See the results (open full files!), here zoom at only ISO 400: sharpness is awful, but mostly no depth at all, and that rubbish melting pixel feel.
2/ Things you should look for
The lens
- if you are buying a SLR, put all the money in the lens. Period. All SLR can do pretty much the same, some are better, yes, but image quality is about the lens, and the sensor size. In line with what we said for the zoom, prefer a little zoom or prime lens, and privilege a actual camera manufacturers. No wonder why Fuji as a great lens on the
X100
. They do some really premium stuff for pros. I would expect good stuff also from Pentax, Nikon, Canon...well you know.
Maximum aperture (the "F" numbers) of the lens
- You already know small zoom range or prime lenses are to be preferred. You should also look for lenses with large aperture, that is to say small "F" numbers, F2.8 and below.
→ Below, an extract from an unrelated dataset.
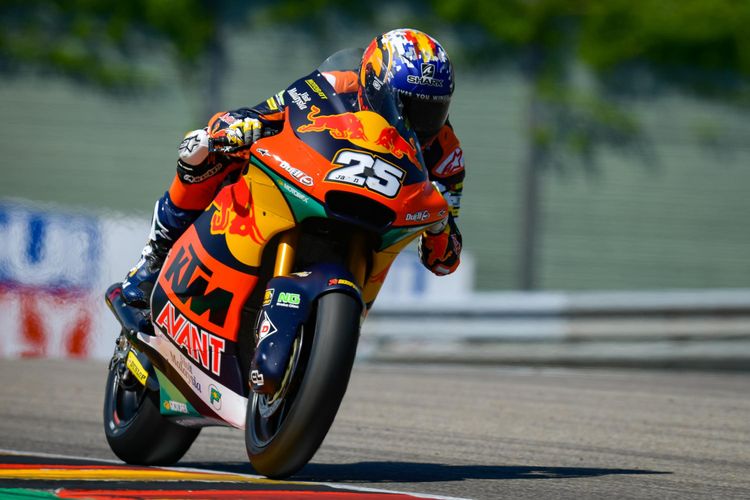 Raul Fernandez berhasil mematahkan dominasi Remy Gardner, pembalap tim Indonesia diapit dua KTM di Kualifikasi Moto2 Jerman 2021.

On zoom lenses, you can hardly reach F2.8, but try to get a lens with a fixed F number, instead of the F4.5-5.6 kind of lenses.
Sensor Size
- the equally most importing thing with the lens: one rule,
the bigger the better. I would buy anything that is less than 25x17mm (Fuji X100, most SLR, some rare compacts)
Screen that moves at the back (for movies only)
- You would expect me saying it's worthless, but actually
if you shoot videos it's rather essential. Imagine shooting from strange angles otherwise. No can do.
Now a Fuji X100 picture: see the depth, the blur, the sharpness, this is at ISO 400 too for comparison. Yes it cost 3 times the price, but photography is like having a passion for sports cars, it's not cheap.